If X-Y is the Cartesian frame of reference for the curve which has its centre (origin) at O(h,k) wrt the x-y frame, then if P(X,Y)≡P(x,y), that is, P can be represented in either frame of reference, r²=OP²=X²+Y²=(x-h)²+(y-k)²=x²-2hx+h²+y²-2ky+k². We know that P must be on the curve 3x²+xy+y²-16x-10y+30=0. See picture.
Let θ=angle between the X-axis and the x-axis and ɸ=angle between OP and the X-axis.
X=rcosɸ, Y=rsinɸ, x-h=rcos(θ+ɸ), y-k=rsin(θ+ɸ).
x-h=rcosθcosɸ-rsinθsinɸ=Xcosθ-Ysinθ,
y-k=rsinθcosɸ+rcosθsinɸ=Xsinθ+Ycosθ.
The next step is to substitute for x and y to get an equation for X and Y. From this transformed equation we can find out which coefficients need to be zero so as to eliminate first degree terms.
To simplify writing, s=sinθ and c=cosθ.
x=h+Xc-Ys, y=k+Xs+Yc.
3x²=3h²+6h(Xc-Ys)+3(Xc-Ys)², y²=k²+2k(Xs+Yc)+(Xs+Yc)².
xy=hk+hXs+hYc+kXc+X²sc+XYc²-kYs-XYs²-Y²sc.
The XY term must be zero. If we look at what can produce XY, we see 3x² contains -6XYsc, y² contains 2XYsc and xy contains XY(c²-s²). Therefore, -6sc+2sc+c²-s²=0, c²-4sc-s²=0. Divide through by c²:
1-4t-t²=0 where t=s/c=tanθ. So t²+4t=1, t²+4t+4=5, (t+2)²=5, t=-2±√5.

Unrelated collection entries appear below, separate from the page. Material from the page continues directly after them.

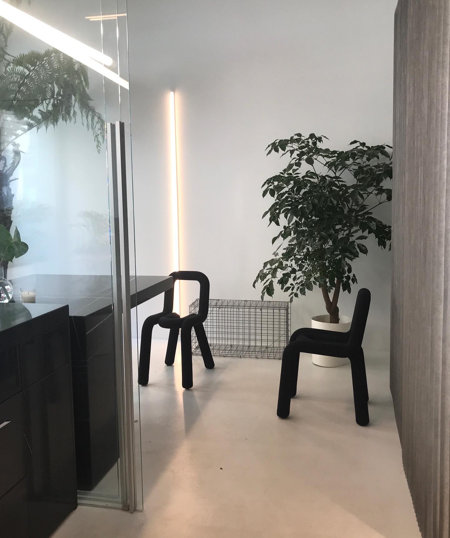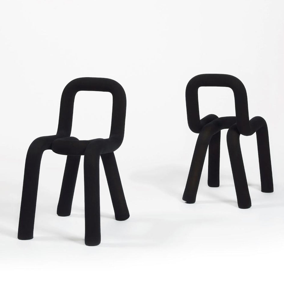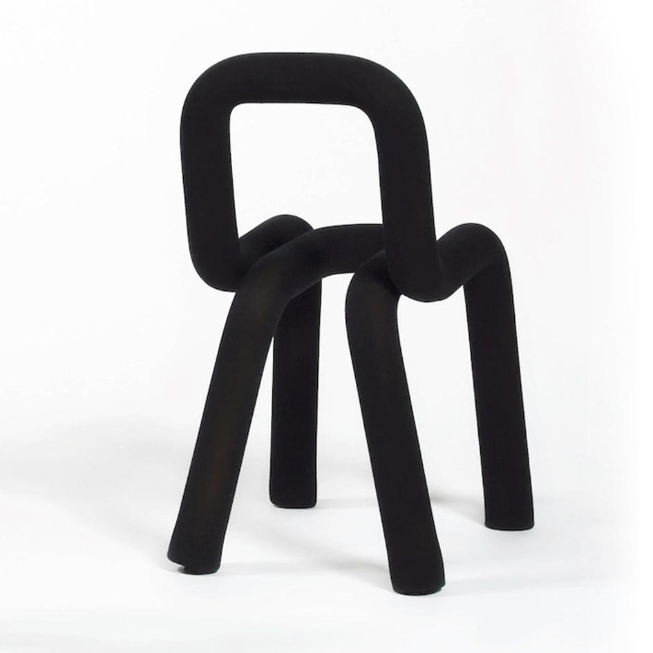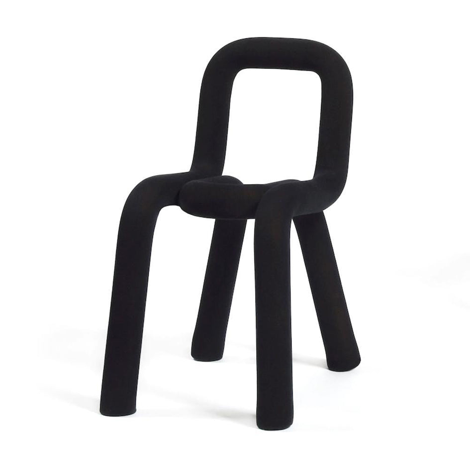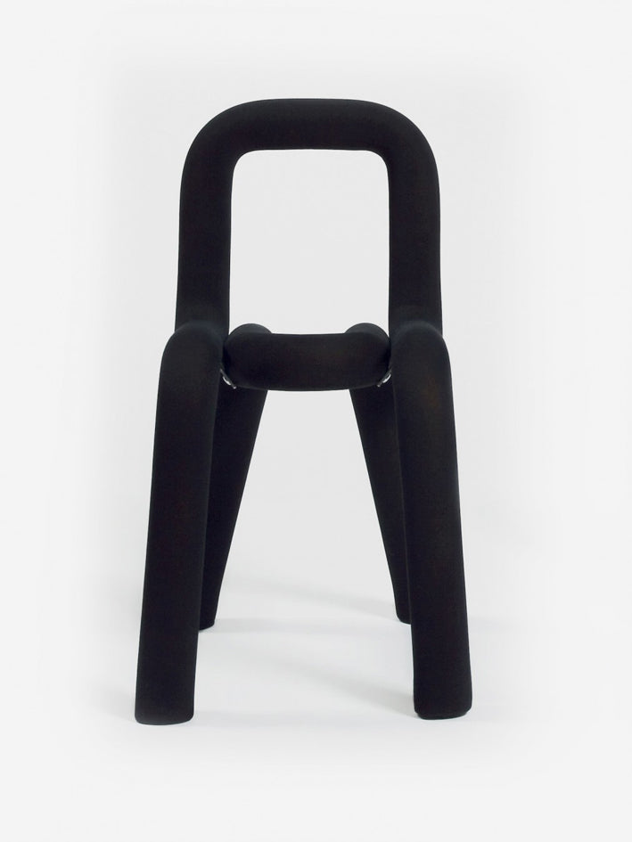 Made up of two tubular parts in metal embedded in each other, the Bold chair is an updated version of the tradition of a bended chair in tubular steel. Inflated with a thin polyurethane foam, the line drawn by the Bold successfully plays the role of foot, seat then back and gives it an amazing level of comfort. With a single stroke, in the manner of the Osvaldo Cavandoli Linea, and thickened similarly to the font which is made bold, the Bold chair succeeds in doing away with the seat and back. Covered with a removable textile coating, the Bold chair can change colour.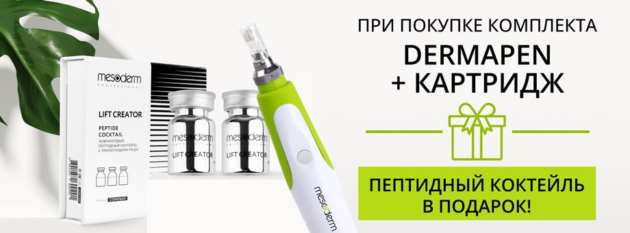 При покупке комплекта DERMAPEN + картридж - ПЕПТИДНЫЙ КОКТЕЙЛЬ В ПОДАРОК!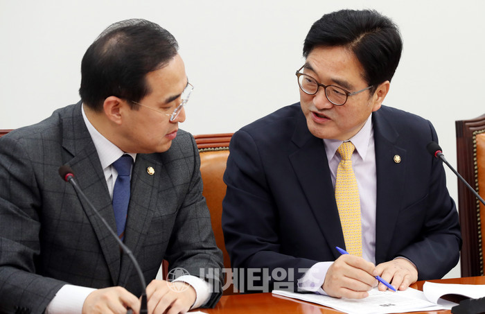 우원식(오른쪽) 더불어민주당 원내대표와 박홍근 원내수석부대표가 12일 오전 서울 영등포구 여의도 국회 더불어민주당 원내대표회의실에서 진행된 더불어민주당 원내대책회의에서 이야기를 나누고 있다. 2017.12.12.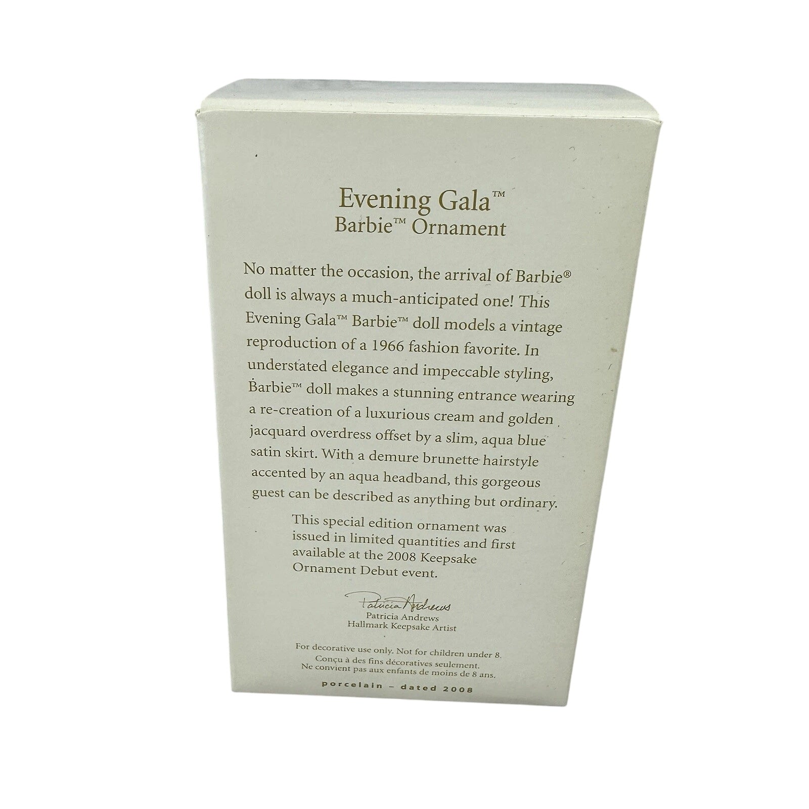 Step into a world of elegance with the 2008 Evening Gala (Barbie) porcelain ornament, a Limited Quantity Hallmark Keepsake that was released during the 2008 Ornament Debut Weekend. Barbie is portrayed in a sophisticated evening gown, complete with a stylish up-do and feathered headband. Designed with intricate detail and high-quality porcelain craftsmanship, this collectible showcases Barbie at her most glamorous. The package includes the ornament, a Keepsake box, and an official Hallmark tag. This ornament is purely decorative and does not require batteries, cords, or light strings.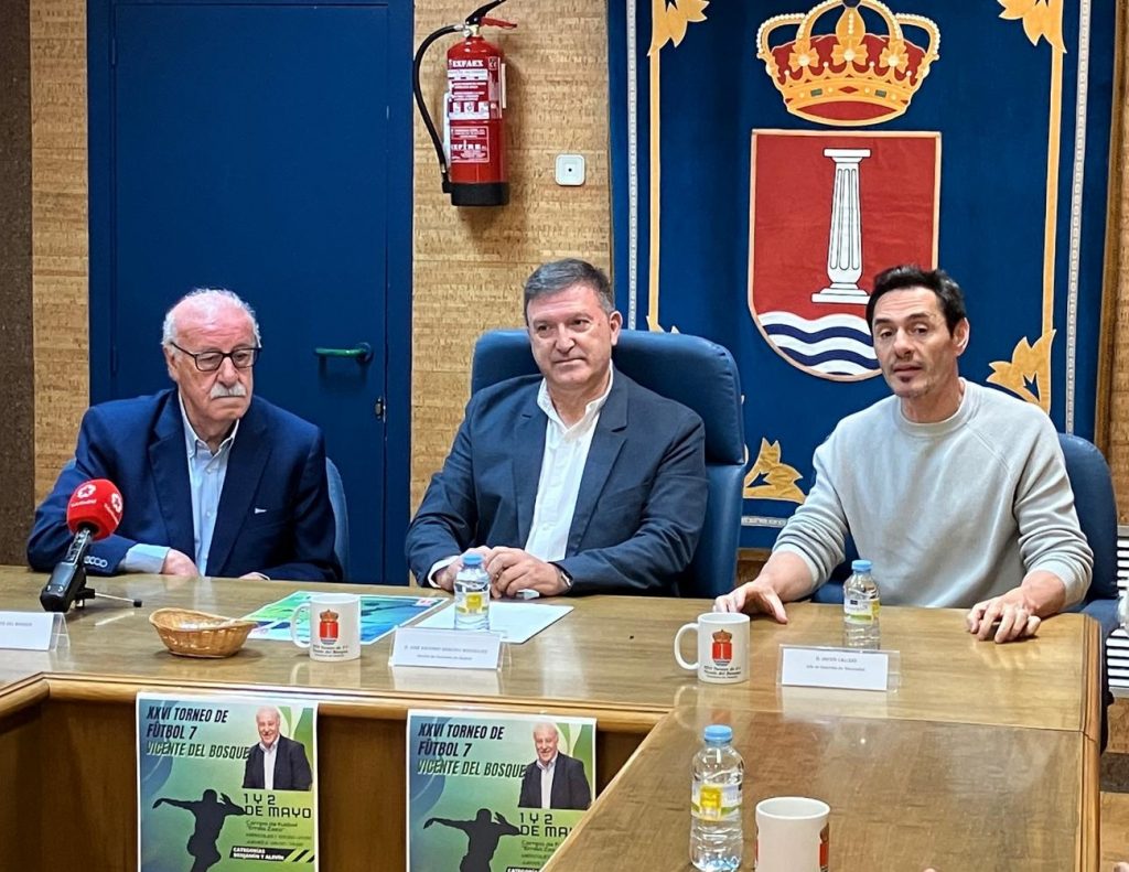 El salón de Plenos del Ayuntamiento de Humanes de Madrid ha albergado este jueves la presentación del XXVI Torneo de Fútbol Vicente del Bosque, que tendrá lugar durante los próximos días 1 y 2 de mayo en el campo de fútbol municipal Emilio Zazo.

The two angles for θ are 13.28° and 283.28°. These angles differ by 270° (3 right angles). This means that the X-axis is inclined to the x-axis by 13.28° or the Y-axis is inclined to the x-axis by 13.28°. This is the angle we’ll use to find h and k.
Therefore s=0.229753 and c=0.973249 approx.
To find h and k we look at the remaining coefficients. We are eliminating X and Y terms.
Start with X terms:
6hc+2ks+hs+kc-16c-10s=0; h(6c+s)+k(2s+c)=16c+10s; k=(16c+10s-h(6c+s))/(2s+c).
Y terms:
-6hs+2kc+hc-ks+16s-10c=0; h(-6s+c)+k(2c-s)=-16s+10c; k=(-16s+10c-h(-6s+c))/(2c-s).
We have sufficient to find h and k. Find h first:
(16c+10s-h(6c+s))/(2s+c)=(-16s+10c-h(-6s+c))/(2c-s). The only unknown is h.
(17.87-6.07h)/1.43=(6.06+0.41h)/1.72, 12.47-4.24h=3.52+0.24h, 8.94=4.47h, h=2 and k=4.
Please note that only 2 decimal places have been shown, but greater accuracy was obtained using a calculator.